▶ What to work on
Once you have read the data below, set it all down again exactly.

Recorded information START

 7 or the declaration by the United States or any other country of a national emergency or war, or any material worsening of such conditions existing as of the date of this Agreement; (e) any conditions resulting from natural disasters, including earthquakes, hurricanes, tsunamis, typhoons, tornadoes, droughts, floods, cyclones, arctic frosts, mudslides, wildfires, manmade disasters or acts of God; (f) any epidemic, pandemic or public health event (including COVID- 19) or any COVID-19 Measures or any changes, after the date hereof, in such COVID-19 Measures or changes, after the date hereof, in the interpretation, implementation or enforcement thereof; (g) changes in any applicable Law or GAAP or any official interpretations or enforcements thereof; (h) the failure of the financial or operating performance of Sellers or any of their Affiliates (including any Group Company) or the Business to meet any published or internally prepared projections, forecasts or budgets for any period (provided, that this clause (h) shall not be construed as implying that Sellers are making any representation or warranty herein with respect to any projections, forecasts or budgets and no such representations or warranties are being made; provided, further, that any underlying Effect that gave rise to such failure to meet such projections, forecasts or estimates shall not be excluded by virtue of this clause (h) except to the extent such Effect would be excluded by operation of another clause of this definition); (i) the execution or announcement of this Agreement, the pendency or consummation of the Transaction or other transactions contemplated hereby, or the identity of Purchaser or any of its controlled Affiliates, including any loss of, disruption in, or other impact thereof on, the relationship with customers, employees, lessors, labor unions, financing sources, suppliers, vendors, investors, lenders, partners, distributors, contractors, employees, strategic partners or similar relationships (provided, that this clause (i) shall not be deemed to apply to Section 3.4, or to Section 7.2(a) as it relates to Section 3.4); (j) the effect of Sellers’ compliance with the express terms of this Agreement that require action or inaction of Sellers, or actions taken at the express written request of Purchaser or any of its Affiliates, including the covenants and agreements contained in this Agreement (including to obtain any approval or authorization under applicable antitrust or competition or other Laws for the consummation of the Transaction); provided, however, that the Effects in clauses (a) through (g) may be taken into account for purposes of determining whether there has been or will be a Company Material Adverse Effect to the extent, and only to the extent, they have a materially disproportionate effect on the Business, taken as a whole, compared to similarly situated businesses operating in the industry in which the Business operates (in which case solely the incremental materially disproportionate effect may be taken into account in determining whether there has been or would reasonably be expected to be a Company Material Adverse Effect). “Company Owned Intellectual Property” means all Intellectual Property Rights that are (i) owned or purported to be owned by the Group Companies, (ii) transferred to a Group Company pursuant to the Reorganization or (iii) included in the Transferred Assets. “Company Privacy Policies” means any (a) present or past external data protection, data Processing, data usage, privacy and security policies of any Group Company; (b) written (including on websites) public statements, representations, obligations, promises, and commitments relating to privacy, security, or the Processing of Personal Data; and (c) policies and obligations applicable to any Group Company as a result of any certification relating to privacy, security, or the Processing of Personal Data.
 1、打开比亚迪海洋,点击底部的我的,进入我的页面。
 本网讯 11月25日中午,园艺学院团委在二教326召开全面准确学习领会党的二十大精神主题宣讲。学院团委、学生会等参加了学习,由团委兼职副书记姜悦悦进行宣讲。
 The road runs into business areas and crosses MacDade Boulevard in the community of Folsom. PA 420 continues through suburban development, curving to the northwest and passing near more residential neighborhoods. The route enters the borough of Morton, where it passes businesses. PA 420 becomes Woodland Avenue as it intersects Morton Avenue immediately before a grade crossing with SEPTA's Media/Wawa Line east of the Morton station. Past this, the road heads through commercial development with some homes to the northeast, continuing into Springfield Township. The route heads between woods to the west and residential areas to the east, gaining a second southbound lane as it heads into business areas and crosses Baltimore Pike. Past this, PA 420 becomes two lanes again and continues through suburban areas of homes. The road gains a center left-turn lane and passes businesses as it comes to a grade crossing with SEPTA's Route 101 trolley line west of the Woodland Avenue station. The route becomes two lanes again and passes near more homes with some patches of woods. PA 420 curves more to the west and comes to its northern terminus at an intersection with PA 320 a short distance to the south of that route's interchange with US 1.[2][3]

Recorded information END

▶ Answer space
 7 or the declaration by the United States or any other country of a national emergency or war, or any material worsening of such conditions existing as of the date of this Agreement; (e) any conditions resulting from natural disasters, including earthquakes, hurricanes, tsunamis, typhoons, tornadoes, droughts, floods, cyclones, arctic frosts, mudslides, wildfires, manmade disasters or acts of God; (f) any epidemic, pandemic or public health event (including COVID- 19) or any COVID-19 Measures or any changes, after the date hereof, in such COVID-19 Measures or changes, after the date hereof, in the interpretation, implementation or enforcement thereof; (g) changes in any applicable Law or GAAP or any official interpretations or enforcements thereof; (h) the failure of the financial or operating performance of Sellers or any of their Affiliates (including any Group Company) or the Business to meet any published or internally prepared projections, forecasts or budgets for any period (provided, that this clause (h) shall not be construed as implying that Sellers are making any representation or warranty herein with respect to any projections, forecasts or budgets and no such representations or warranties are being made; provided, further, that any underlying Effect that gave rise to such failure to meet such projections, forecasts or estimates shall not be excluded by virtue of this clause (h) except to the extent such Effect would be excluded by operation of another clause of this definition); (i) the execution or announcement of this Agreement, the pendency or consummation of the Transaction or other transactions contemplated hereby, or the identity of Purchaser or any of its controlled Affiliates, including any loss of, disruption in, or other impact thereof on, the relationship with customers, employees, lessors, labor unions, financing sources, suppliers, vendors, investors, lenders, partners, distributors, contractors, employees, strategic partners or similar relationships (provided, that this clause (i) shall not be deemed to apply to Section 3.4, or to Section 7.2(a) as it relates to Section 3.4); (j) the effect of Sellers’ compliance with the express terms of this Agreement that require action or inaction of Sellers, or actions taken at the express written request of Purchaser or any of its Affiliates, including the covenants and agreements contained in this Agreement (including to obtain any approval or authorization under applicable antitrust or competition or other Laws for the consummation of the Transaction); provided, however, that the Effects in clauses (a) through (g) may be taken into account for purposes of determining whether there has been or will be a Company Material Adverse Effect to the extent, and only to the extent, they have a materially disproportionate effect on the Business, taken as a whole, compared to similarly situated businesses operating in the industry in which the Business operates (in which case solely the incremental materially disproportionate effect may be taken into account in determining whether there has been or would reasonably be expected to be a Company Material Adverse Effect). “Company Owned Intellectual Property” means all Intellectual Property Rights that are (i) owned or purported to be owned by the Group Companies, (ii) transferred to a Group Company pursuant to the Reorganization or (iii) included in the Transferred Assets. “Company Privacy Policies” means any (a) present or past external data protection, data Processing, data usage, privacy and security policies of any Group Company; (b) written (including on websites) public statements, representations, obligations, promises, and commitments relating to privacy, security, or the Processing of Personal Data; and (c) policies and obligations applicable to any Group Company as a result of any certification relating to privacy, security, or the Processing of Personal Data.
 1、打开比亚迪海洋,点击底部的我的,进入我的页面。
 本网讯 11月25日中午,园艺学院团委在二教326召开全面准确学习领会党的二十大精神主题宣讲。学院团委、学生会等参加了学习,由团委兼职副书记姜悦悦进行宣讲。
 The road runs into business areas and crosses MacDade Boulevard in the community of Folsom. PA 420 continues through suburban development, curving to the northwest and passing near more residential neighborhoods. The route enters the borough of Morton, where it passes businesses. PA 420 becomes Woodland Avenue as it intersects Morton Avenue immediately before a grade crossing with SEPTA's Media/Wawa Line east of the Morton station. Past this, the road heads through commercial development with some homes to the northeast, continuing into Springfield Township. The route heads between woods to the west and residential areas to the east, gaining a second southbound lane as it heads into business areas and crosses Baltimore Pike. Past this, PA 420 becomes two lanes again and continues through suburban areas of homes. The road gains a center left-turn lane and passes businesses as it comes to a grade crossing with SEPTA's Route 101 trolley line west of the Woodland Avenue station. The route becomes two lanes again and passes near more homes with some patches of woods. PA 420 curves more to the west and comes to its northern terminus at an intersection with PA 320 a short distance to the south of that route's interchange with US 1.[2][3]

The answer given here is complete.